STEREOSCOPIC MAP OF THE “WINDS ALOFT”
[(Larger)]

There are a few conspicuous points of difference between the weather maps issued in foreign countries and those issued in this country. Thus a majority of the foreign weather services publish two or more charts on the same sheet; either for the sake of showing different meteorological elements separately or, in most cases, to represent the conditions prevailing not only at the hour of the current morning observation, but also at certain hours of the previous day. One of the three editions of the British map includes four charts, corresponding to observations at four different hours. By means of such series of charts one can observe the recent changes of weather as well as the current conditions. Weather maps published in the United States show primarily the conditions at 8 a. m., Eastern Standard Time, of the morning of issue; though certain features of past weather are also indicated, including changes of temperatures, movements of storm centers, etc.

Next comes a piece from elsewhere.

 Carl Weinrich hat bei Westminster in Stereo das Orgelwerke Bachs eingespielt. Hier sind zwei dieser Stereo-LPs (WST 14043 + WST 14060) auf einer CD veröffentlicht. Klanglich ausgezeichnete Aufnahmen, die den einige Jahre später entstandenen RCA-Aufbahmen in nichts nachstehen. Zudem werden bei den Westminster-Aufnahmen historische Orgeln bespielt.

Evening maps are drawn at Washington and at many other places, but are not published.

In this country the publication of weather maps has been carried out on a much more liberal scale than elsewhere. Instead of issuing maps at only one or a few places, as is the custom in other parts of the world, it has been the policy of the American service to publish them at populous centers all over the country. In some cases they are printed or manifolded at the local Weather Bureau station, and distributed by mail and messenger; in other cases they are published in the newspapers. The daily circulation of the maps has thus, at times, run up into the millions. This comprehensive duplication of the chart is made possible by special arrangements with the telegraph companies. The reports of observations are, to a large extent, sent over circuits, along which the telegraph offices, besides forwarding the local report, copy the reports from other stations as they pass over the wires. Certain stations, forming connecting links between the circuits, effect the transfer of collected reports from one circuit to another; so that, in a very short time, upward of 150 stations receive the reports from a large number of other stations. The maps issued at stations or published in newspapers are generally rather crude, though they answer their purpose; but the large lithographed map issued every day at the Central Office, in Washington, is much the most artistic production of its kind published anywhere in the world.

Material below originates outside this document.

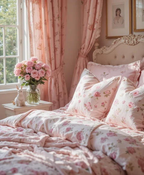 Decorate your bedroom with blush pink pillows, floral bedding, and a small bunny figurine on your nightstand. Add a clear vase with fresh roses near a sunlit window for a gentle and romantic Easter-inspired bedroom look.
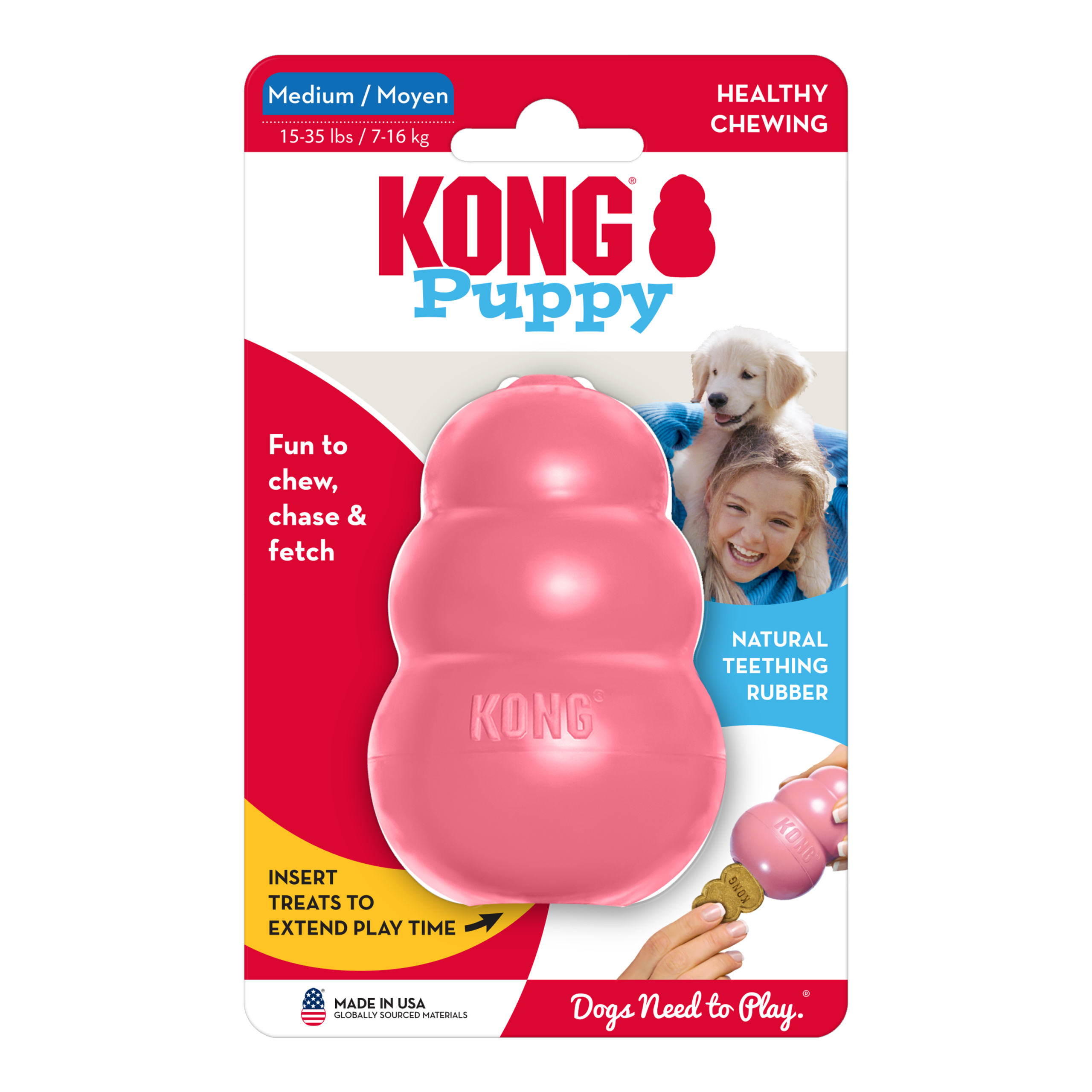 • Soft puppy KONG rubber formula is customized for puppy teeth and gums

ENLARGED SECTION OF THE STEREOSCOPIC WIND MAP

Large weather maps, drawn with colored chalk on a ground-glass base, may be seen at certain produce exchanges and railway stations, on the “boardwalk” at Atlantic City, and in the Capitol at Washington. Motion-picture weather maps, made from series of maps showing conditions at successive intervals of time, have been prepared experimentally in this country and abroad.

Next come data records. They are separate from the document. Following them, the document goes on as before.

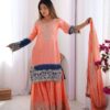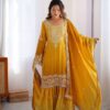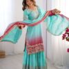 Be the first to review “Women’s Chinon Silk Sequence With Rivet Moti Work Straight Kurta With Sharara and Dupatta Set” Cancel reply
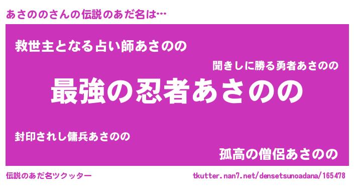 | 意味不明あだ名 | 『住所不定無職あさのの(41歳)』 |
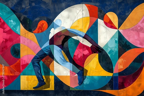 Dynamic Elegance: Vibrant Abstract Art with Human Presence
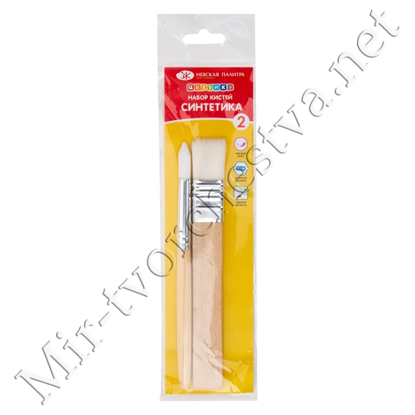Набор кистей СИНТЕТИКА, 2 шт., укороченная ручка (белая щетина, дерево), Цветик
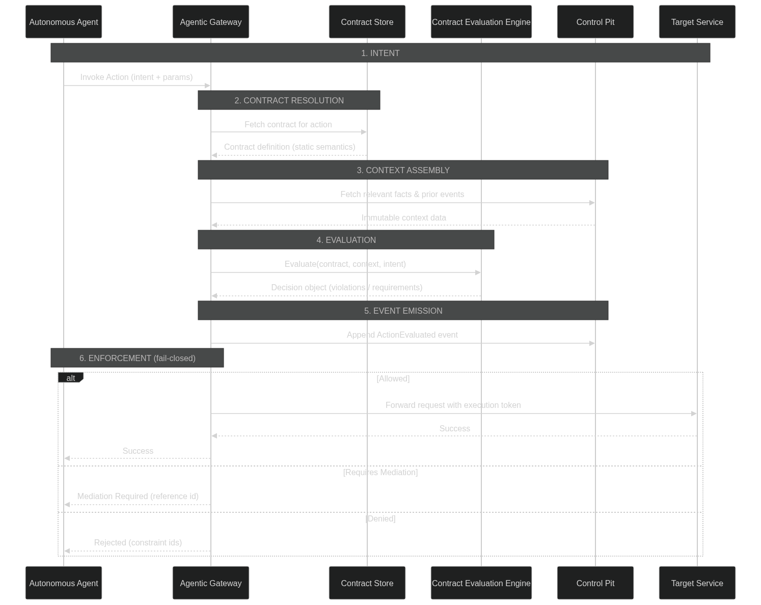 - Description: A deterministic, non-inferential engine. It is a “pure function,” meaning it performs no I/O itself. It receives the Intent, Contract, and Context as a single bundle and calculates the outcome. Because it is pure, it can be mathematically verified and is immune to side-effect bugs.

The reports used in the construction of weather maps are telegraphed from the stations in cipher, in order to save expense. In Europe groups of figures are used for this purpose, but the United States Weather Bureau makes use of a word code, which offers the advantage over a figure code that, as a rule, mistakes in the telegrams can easily be detected by anybody familiar with the code. The American weather code is something of a literary curiosity. In each of the many thousand words it contains there are certain significant letters, and these must fall in certain sequences in order to convey the information required. The English language has been ransacked—and somewhat stretched—to secure the necessary words. Observers consult the code book in enciphering their reports, but translating is easily done without the book by those who have mastered the relatively simple principles on which the code is constructed.

SIMPLIFIED WEATHER MAP FOR JAN. 25, 1905, 8 A. M., EASTERN STANDARD TIME

The language of lines, shadings and symbols used in weather maps can be learned in a few minutes, and it is, as a rule, fully explained on the face of the map. This is true of foreign maps as well as American. A full-fledged weather map is hardly susceptible of reproduction in a book of ordinary dimensions. The simplified map that we show here, taken from a Weather Bureau bulletin, will, however, serve to illustrate some of the features of such publications. The reader should first fix in his mind the explanations printed at the lower left-hand corner of the map and then study the map in the light of what has been said in Chapter VIII about the circulation and movements of highs and lows. On this map we have an exceptionally well-developed high over the middle of the country and a pronounced low on the Atlantic coast. The former, with clear skies and very cold weather, constitutes a cold wave. The latter is attended by a widespread snow storm and, as may be inferred from the crowded isobars, by stormy winds.